Monday, January 7, 2019

APPEALS COURT HOLDS LAW ENFORCEMENT AGENCY IS NOT OBLIGATED TO GIVE NONMATCHES FROM FACIAL RECOGNITION SEARCHES TO DEFENDANTS

An appeals court in the State of Florida has ruled that a criminal defendant, who was identified and convicted after a law enforcement agency matched his photograph to one in the agency's database, through the use of facial recognition software, was not entitled to copies of all the non-matches returned by the program. Readers of this blog may recall that we have previously discussed the issues when the case was pending on appeal. If you identify a Financial Criminal through Facial Recognition Software, must you Disclose that ? Published September 10, 2018.
 
The First District Court of Appeal held that the failure of the trial court to order a turnover of the photographs that did not match the defendant was not a violation of Brady vs. Maryland, as they did not cast doubt on the State's case.
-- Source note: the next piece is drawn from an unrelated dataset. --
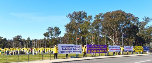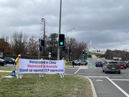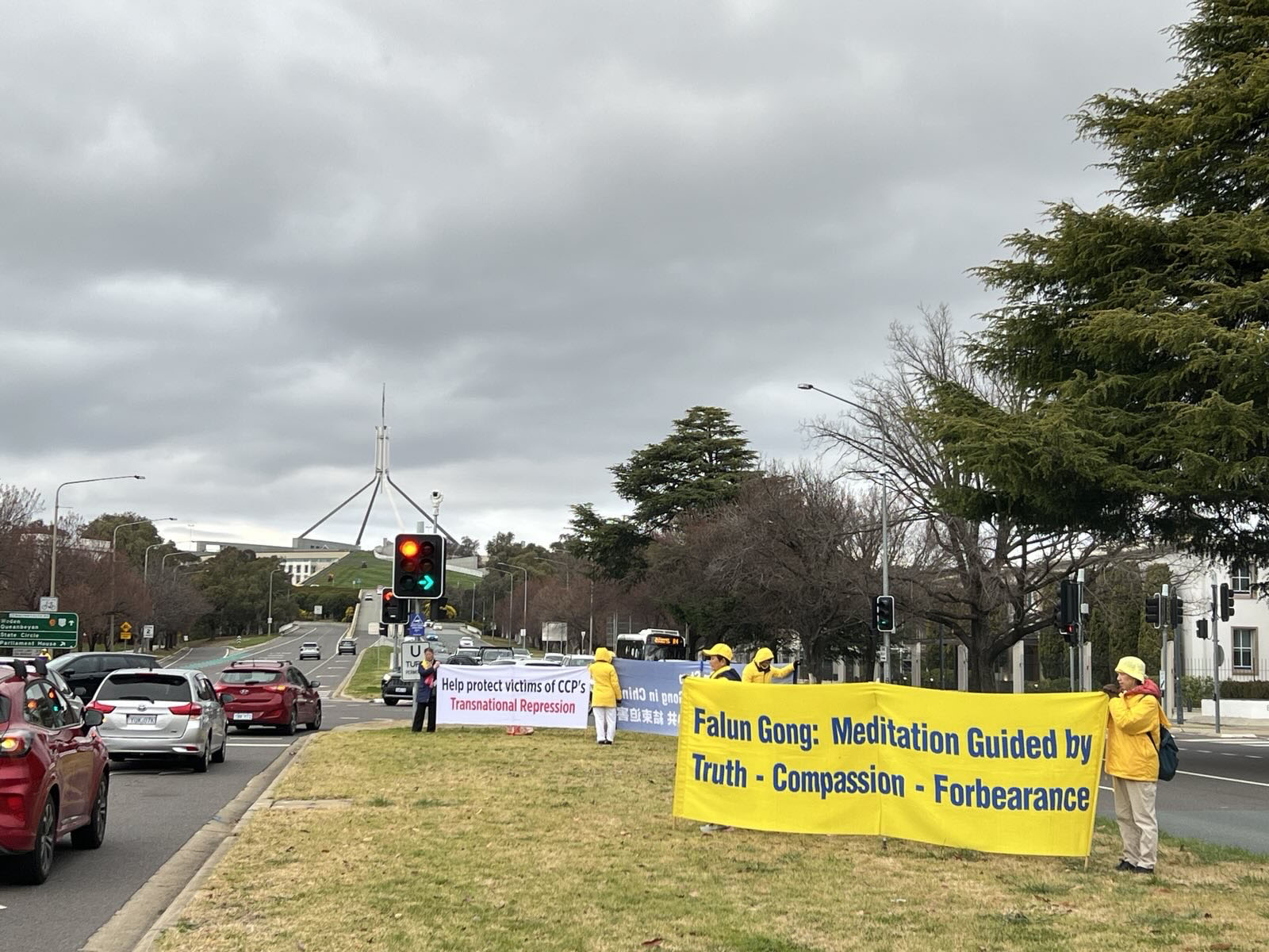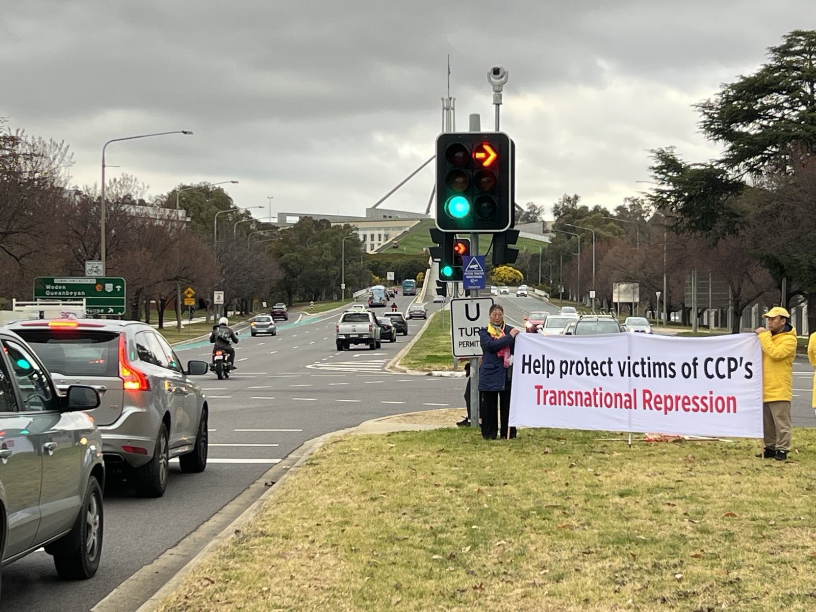 2 сентября практикующие разместили плакаты вдоль главных дорог в Канберре, чтобы сообщить людям о транснациональных репрессиях, осуществляемых компартией Китая. На двух плакатах было написано: «Преследуемые в Китае, репрессируемые в Австралии, встаньте против угнетения КПК» и «Помогите защитить жертв транснациональных репрессий, осуществляемых компартией Китая».

Brady requires that the State disclose any material that could exonerate the defendant, to the defense.

The Court reasoned that there was no reasonable probability that the result of the trial would have been different is the suppressed documents had been disclosed to the defense. The photographs not turned over did not resemble the defendant, and therefore would not have supported his argument that someone else in the photos committed the crime. The conviction was affirmed. Readers who wish to read the complete text of the opinion may access it here. The citation is  Willie Allen Lynch v. State of Florida, Case No. 1D16-3290 (Fla. 1st DCA 2018). [There is no Southern Reporter citation available yet].